Parent web app could run relay conns & event storage and child apps could communicate with it over postMessage
things like @Umbrel ☂️ could be such a store as well. Off course it's not fully embedded online. But Nostr has the potential to make self hosting worth it, and fun. You could have your app depends on some other remote signer, hosted on the same server, a media proxy, and all the good stuffs to make nostr app performant.
I have to write it down. I'll release a CLI soon that handles packaging and upload, it is just missing some details already present when uploading through 44billion.net's napp store.

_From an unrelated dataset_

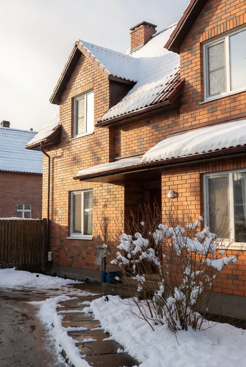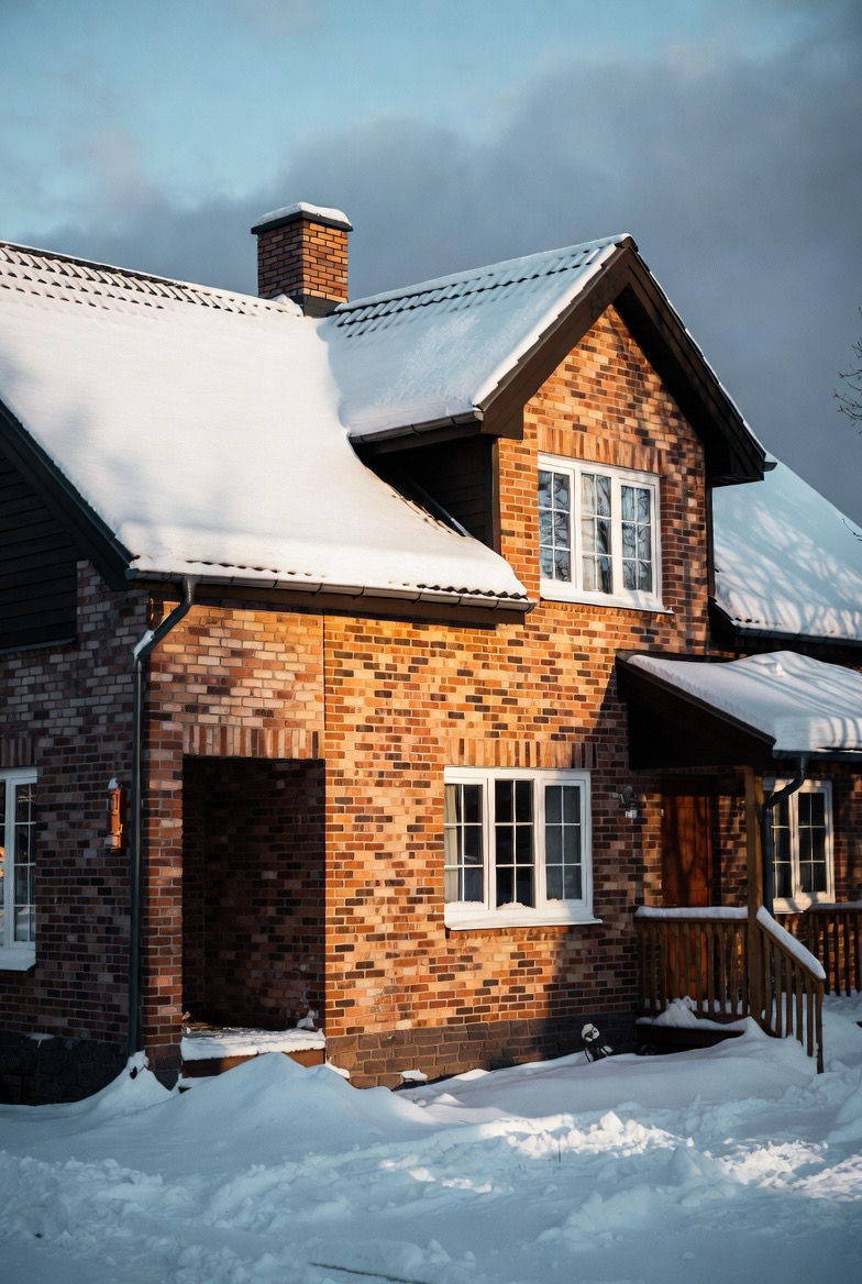 Brick exteriors feel especially inviting in winter. The rich tones pair beautifully with snow, while soft outdoor lighting highlights texture and warmth.

It uses base93 for file chunks, the most efficient space-wise JSON-safe binary-to-text encoding. The chunks also carry Merkle Mountain Range tree proofs.

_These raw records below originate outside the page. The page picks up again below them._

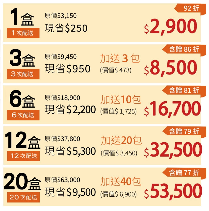3盒以上: 訂購並完成訂單確認者,將於出貨前進行電話聯繫確認,出貨時間約為 7 個工作天左右寄出。
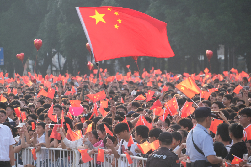 2024年10月1日,南宁在民族广场举行国庆升国旗仪式,广大市民齐聚广场,手持国旗,高唱国歌,共同表达对祖国的美好祝福。徐天保 摄
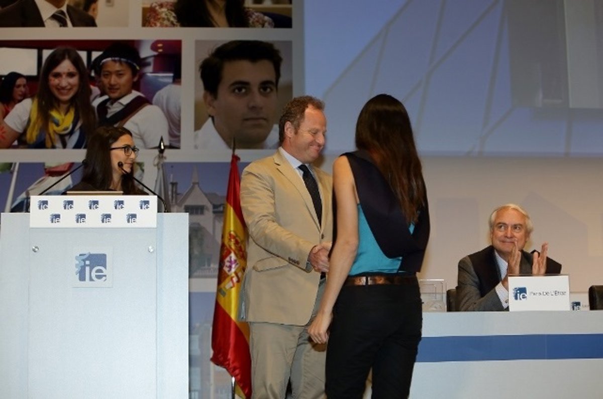 IE University y la consultora Saffron entregan el primer premio 'Wally Olins-Saffron' a la estudiante tailandesa-alemana Kim Palita, por su diseño de una aplicación --denominada 'Dibsy'-- que permite el envío de regalos virtuales.

I guess @Vitor Pamplona will love it cause its old NIP-95 on steroids
You should just make each Napp be an event with a list of filenames with hashes, then whoever wants to fetch that does it from the publisher's Blossom server. Once it's downloaded it's served from the local cache. There is no need or anything to gain from using this base93 madness.
lol, yes. We have base64 encrypted data everywhere on Nostr events. It's time we stop this bullshit against binary payloads. We have been doing binary on relays quite well.

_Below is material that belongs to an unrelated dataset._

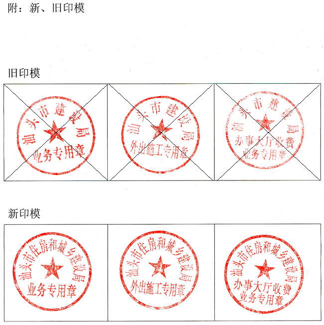 根據(jù)中共汕頭市委、汕頭市人民政府《關(guān)于印發(fā)〈汕頭市人民政府機構(gòu)改革方案〉的通知》(汕發(fā)〔2009〕14號)精神,我市組建汕頭市住房和城鄉(xiāng)建設(shè)局。我局駐市行政服務(wù)中心窗口的相關(guān)新印章“汕頭市住房和城鄉(xiāng)建設(shè)局業(yè)務(wù)專用章”、“汕頭市住房和城鄉(xiāng)建設(shè)局外出施工專用章”、“汕頭市住房和城鄉(xiāng)建設(shè)局辦事大廳收費業(yè)務(wù)專用章”,從即日起啟用,舊業(yè)務(wù)印章同時停用。

it's fine for regular sized events, but it's going to take a big whack out of performance of the database finding small events when it has giant blobs randomly scattered through the kv log structures.
and it's trivial to add a blossom server to a relay, my relay already has one. in theory, supports all of the BUDs too. ah yes:
here's a reasonable starting point for implementing one in Go:
https://github.com/mleku/next.orly.dev/tree/main/pkg/blossom
Some people are incapable of thinking about secondary or tertiary consequences of their actions.
Nostr already has a bunch of very large blobs. People need to stop using KV bullshit and start building real databases because it is only going to get worse from here. Events are starting to become massive with all the tags we are adding already.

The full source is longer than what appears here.